[[ DATA open ]]
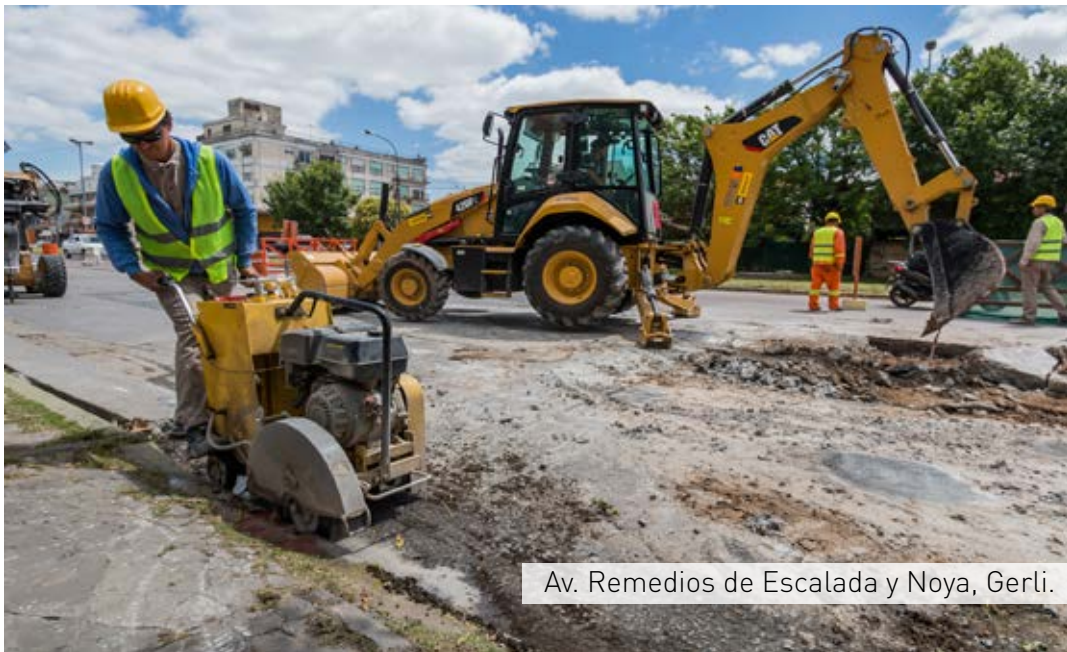
Av. Remedios de Escalada y Noya, Gerli.

7 avenidas principales y calles internas en todos los barrios
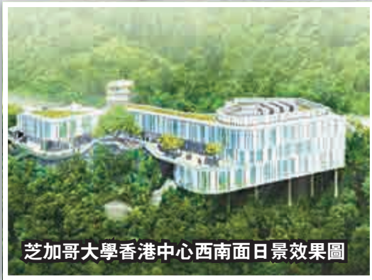
芝加哥大學香港中心西南面日景效果圖
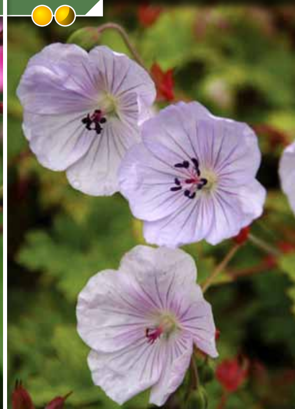
Hauteur 30 cm, floraison de juin à octobre. GERANIUM 'Orkney Pink'
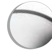
Brushed Chrome Chrome brossé
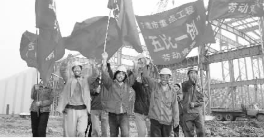
天津市重点工程项目参建农民工积极投身“五比一创”劳动和技能竞赛活动。
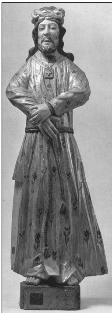
Іл. 2. Скульптура “Хрыстос Назарэй”; дрэва, разьба, тэмпера, пазалота; 137×43×22 см; з Мікалаеўскай царквы а.г. Азяты Жабінкаўскага р-на Брэсцкай вобл.; трэцяя чвэрць XVIII ст. НММ РБ

Аналагічная скульптура з царквы Св. Мікалая в. Азяты (Жабінкаўскі р-н Брэсцкай вобласці) дайшла да нашага часу і захоўваецца ў НММ РБ [3, іл. 144] (іл. 2). Пра яе колішнія размяшчэнне ў храме можна атрымаць звесткі з візітацыйных актаў. Так, у дакументах за 1802 г. пры апісанні галоўнага алтара згадваецца скульптура на сюжэт “Хрыстос Назарэй”, якая, дарэчы, хавалася за жывапіснай засовай з выявай “Каранаванне Божай Маці”. Відавочна, ў архіўнай крыніцы згадваецца менавіта тая статуя, якая і дайшла да нашага часу. Пры апублікаванні скульптуры ў альбоме “Пластыка Беларусі XII–XVIII ст.” яна фігуруе пад назвай “Гэта чалавек” і з датай – трэцяя чвэрць XVIII ст. [3, іл. 144]. Што датычыцца наймення, то тут ніякіх прычэпаў няма, бо гэта адзін з варыянтаў для абазначэння дадзенай іканаграфіі. А вось дата з’яўляецца крыху спрэчнай. Так,
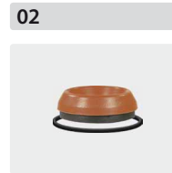
Dichtsätze für 3 Kolben
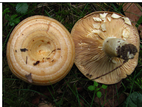
LACTARIUS EVOSMUS 1

RILIEVI EFFETTUATI SU REPERTI FRESCHI SECCHI
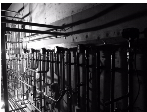
屏風岩実験装置（屏風岩の冷水を活用した保冷倉庫実験装置）
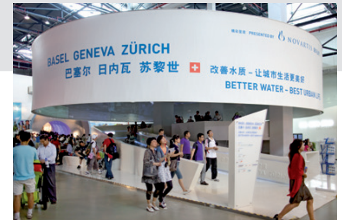
Expomobilia AG – Standbau

Ihrem Bedürfnis entsprechend nehmen wir gerne die Verantwortung für das Gesamtprojekt, verschiedene Teilprojekte oder einzelne Prozessschritte wahr.
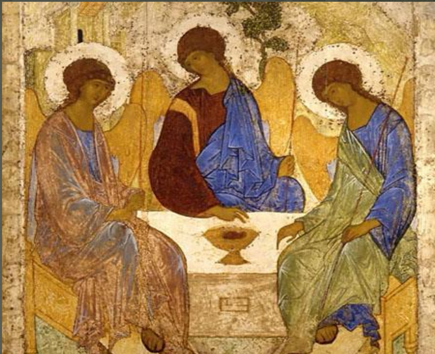
Андрей Рублев. Троица.
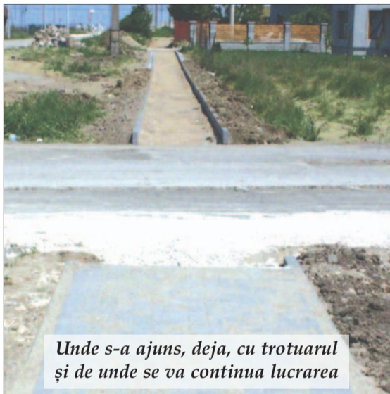
Unde s-a ajuns, deja, cu trotuarul și de unde se va continua lucrarea
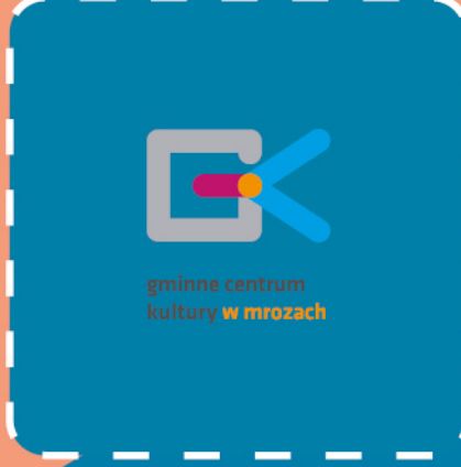
gminne centrum kultury w mrozach
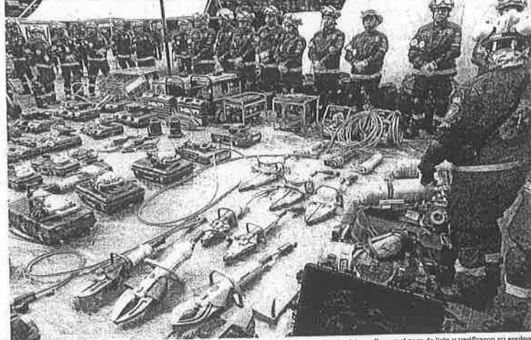
En un evento en la glorieta de Insurgentes, los cuerpos de emergencias que participarán en el ejercicio realizaron el pase de lista y verificaron su equipo.
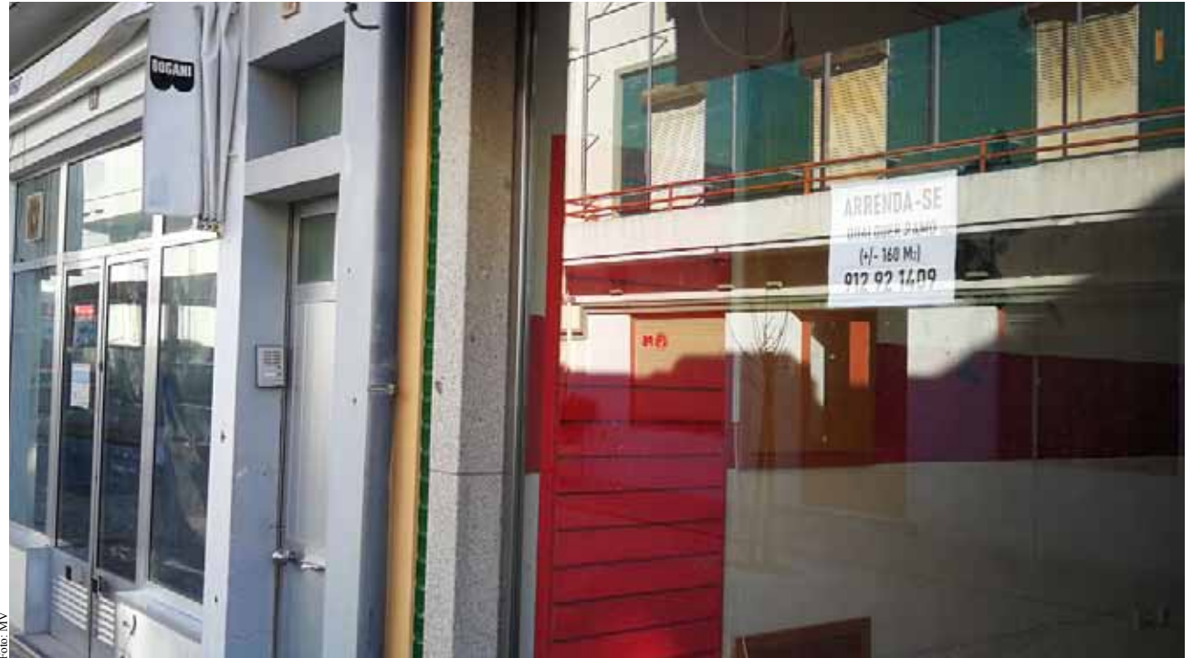
O ano que passou foi muito duro para alguns comerciantes que não resistiram e fecharam portas.

Com o concelho, o país e o mundo parados, o tempo quente co-
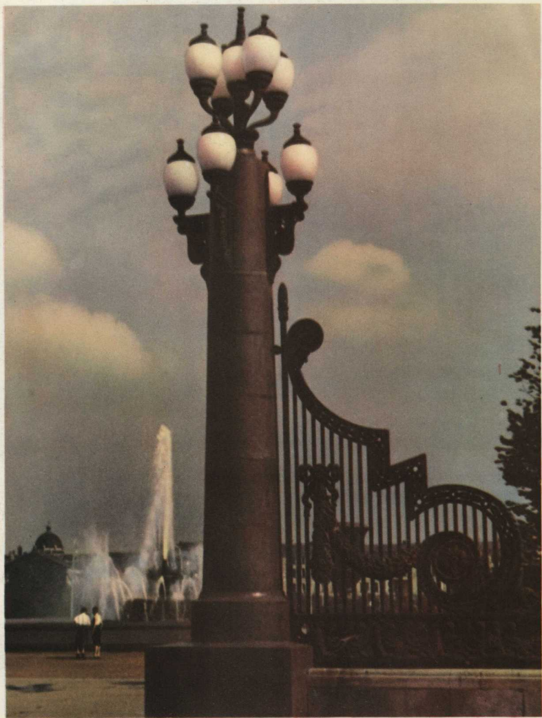
Москва. Сквер на Болотной улице.
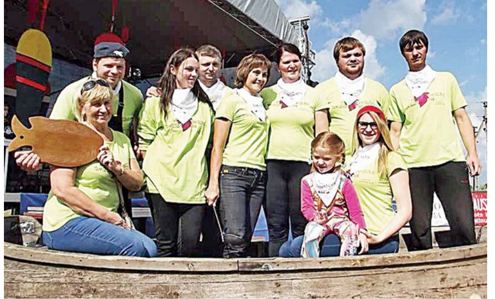
Žuvies sriubos konkurso trečiosios vietos laimėtoja tapo komanda, surinkusi 105 taškus - „Traksėdžių viltis“.

Pirmiausia paskelbti žuvies sriubos konkurso nugalėtojai. Trečiosios vietos laimėtoja tapo komanda, surinkusi 105 taškus - „Traksėdžių viltis“. Antroji vieta atiteko Šilutės miškų urėdijos komandai „Giriniai“, surinkusiai 117 taškų. Pirmąją vietą iškovoję komanda iš Latvijos Saldus miesto (121
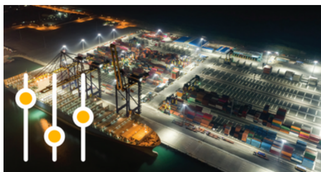
Contrôle d'éclairage sans fil
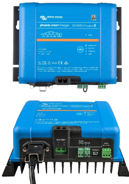
Phoenix Smart 12/50(1+1)

Puede encontrar más información sobre carga adaptativa, en la sección Descargas / Libros blancos de nuestro sitio web.
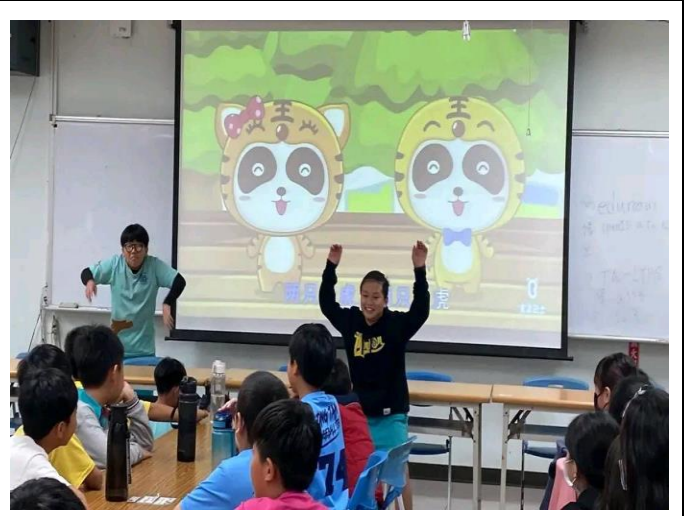
餐後的餘興表演學生盡情展現
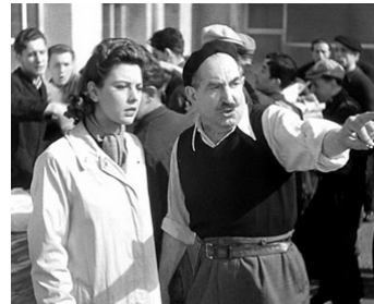
1942 LE JOURNAL TOMBE À CINQ HEURES de Georges Lacombe avec Marie Déa
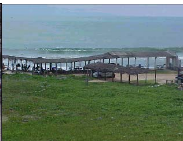
Figura TRA 67. Quiosques implantados desordenadamente, invadindo a faixa de areia
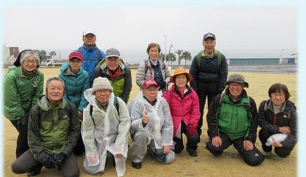
2月 浦賀水道をバックに
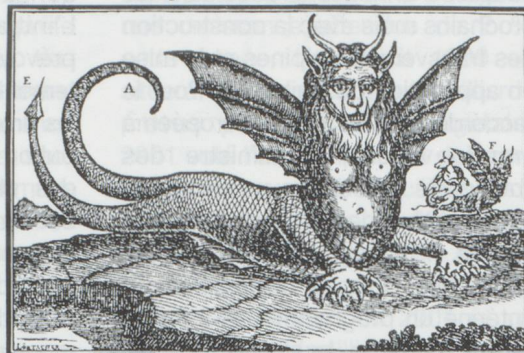
Gravure sur bois du « Messenger boiteux » de 1786 reproduite dans l'édition 1986.

réécits et des nouvelles proches des populations campagnardes. Par ailleurs, bien que solidement appuyé au passé, l'almanach ne refuse nullement le modernisme dans ce que ce dernier offre de durable. Durable ! Voilà sans doute le mot-clé de cette publication, qui est l'anti-mode par excellence. C'est pourquoi l'almanach vit encore, tandis que la mode doit mourir très vite pour faire place à une autre mode. La tonalité générale du Messenger boiteux est un optimisme prudent, plutôt terre à terre, ne se payant pas de mots et faisant sienne la philosophie chère à La Fontaine : " Aide-toi, le ciel t'aidera ". On peut trouver plus mal comme patronage.
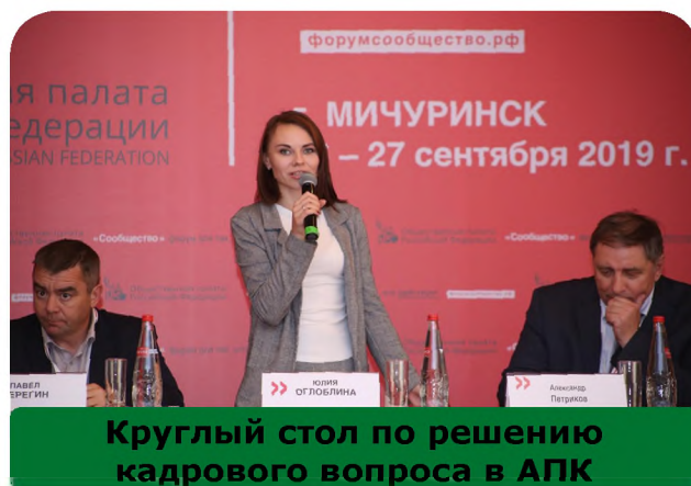
Круглый стол по решению кадрового вопроса в АПК
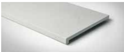
Best.-Nr. 71, Marmor-Bianco
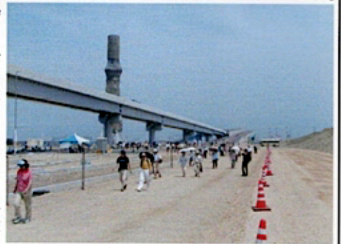
（ポートライナー延伸線沿いに歩く）に一足お先にご覧いただきたい。
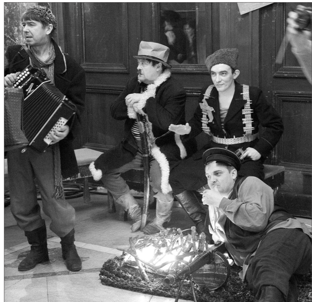
Возле гардероба в ожидании зрителей грелись у костра сочувствующие театральной революции граждане.

А победителями конкурса стали актеры Екатеринбургского ТЮЗа, назвавшие свое выступление «Артистов маленький оркестрик». От лица бюджетного, автономного, авторского, авторского и любительского театров они рассказали о проблемах каждого, о том, что в погоне за деньгами или за баллами для аттестации можно забыть любовь к театру. Вне конкурса, но по теме выступила и актерская компания «Тринтет» из Озер-
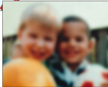
La misma escena vista por una persona con catarata.
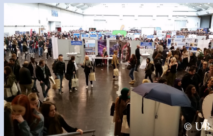
Markt der Möglichkeiten

Am 12.10.15 waren die UB und das ZIM erneut beim Markt der Möglichkeiten vertreten. Die rund 4000 Studierenden, die in die Halle 11 der Messe Essen kamen, konnten sich über die Dienste und Angebote der vertretenen Einrichtungen informieren.
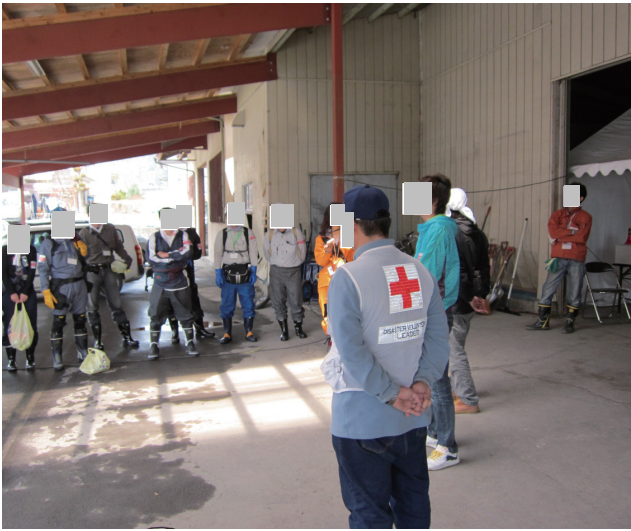
マッチング（コーディネート）
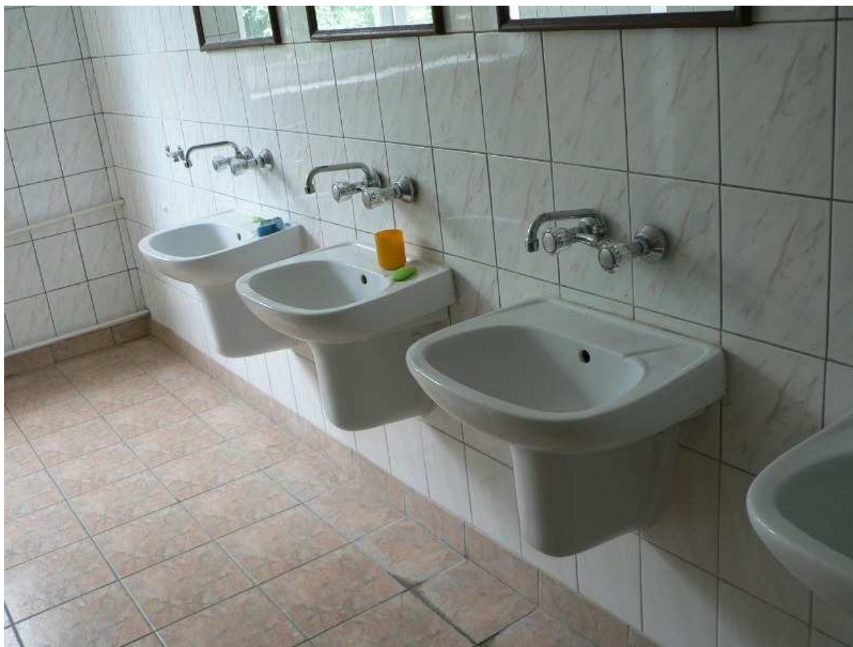
Zdj.15 Pomieszczenia sanitarne.
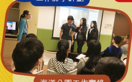
海洋公園工作實錄
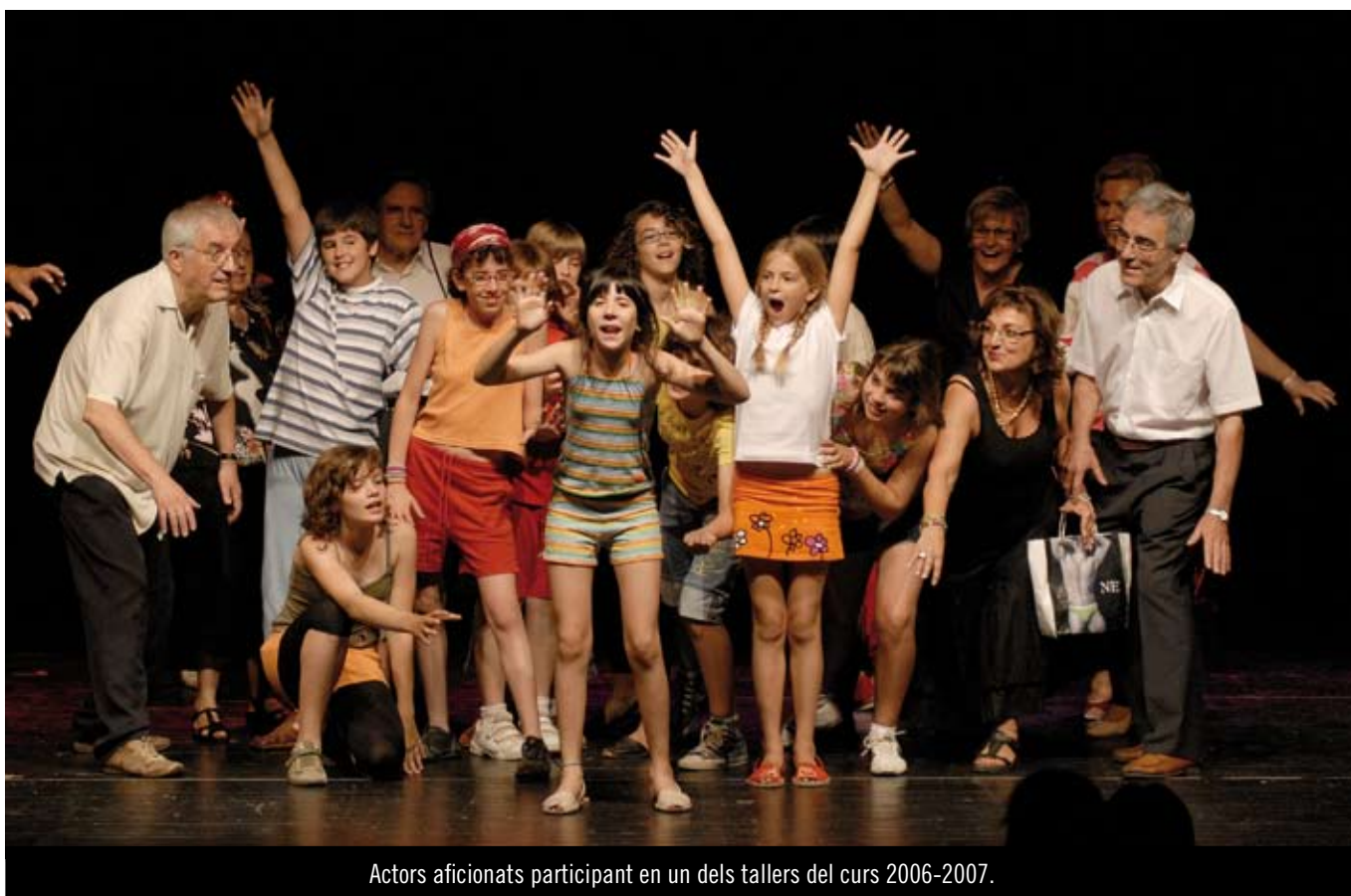
Actors aficionats participant en un dels tallers del curs 2006-2007.

Entre el 7 i el 24 s'oferiran cursos d'accés lliure, adreçats tant a majors com a menors d'edat. Inclouen iniciació al teatre, clown, teatre en moviment, equilibri amb objectes, dansa i acrobàcia expressiva.
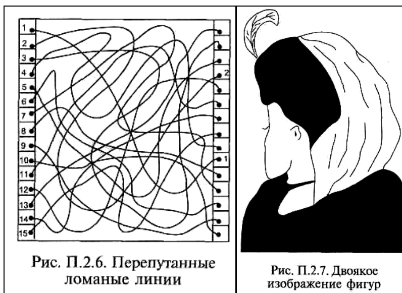
Рис. П.2.6. Перепутанные ломаные линии
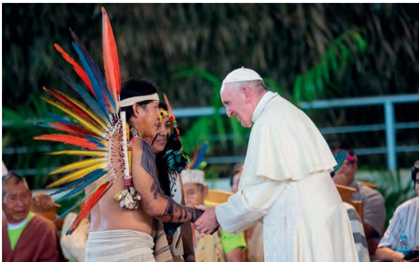
Papa Francesco a Puerto Maldonado, nel 2018, con migliaia di indigeni peruviani.

regione. E risuonano le parole del Signore a Mosè: «Togliti i sandali dai piedi, perché il luogo sul quale tu stai, è suolo santo». Quattromila rappresentanti delle diverse comunità indigene dell'Amazzonia sono riuniti al Coliseo di Puerto Maldonado per vedere papa Francesco. Lo attendono con ansia. Di lui sanno quanto basta per considerarlo un alleato nella difesa della casa comune. Anche Bergoglio
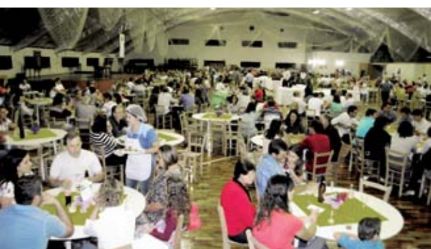
Grande número de pessoas participaram do jantar
[[ DATA closed ]]
--- PROBLEM ---
What lines above run from the one with "En un evento" to the one with "Žuvies sriubos konkurso trečiosios"? Give them again exactly, ends included, and leave the pictures out.

--- RESULT OF THE TASK ---
En un evento en la glorieta de Insurgentes, los cuerpos de emergencias que participarán en el ejercicio realizaron el pase de lista y verificaron su equipo.
O ano que passou foi muito duro para alguns comerciantes que não resistiram e fecharam portas.

Com o concelho, o país e o mundo parados, o tempo quente co-
Москва. Сквер на Болотной улице.
Žuvies sriubos konkurso trečiosios vietos laimėtoja tapo komanda, surinkusi 105 taškus - „Traksėdžių viltis“.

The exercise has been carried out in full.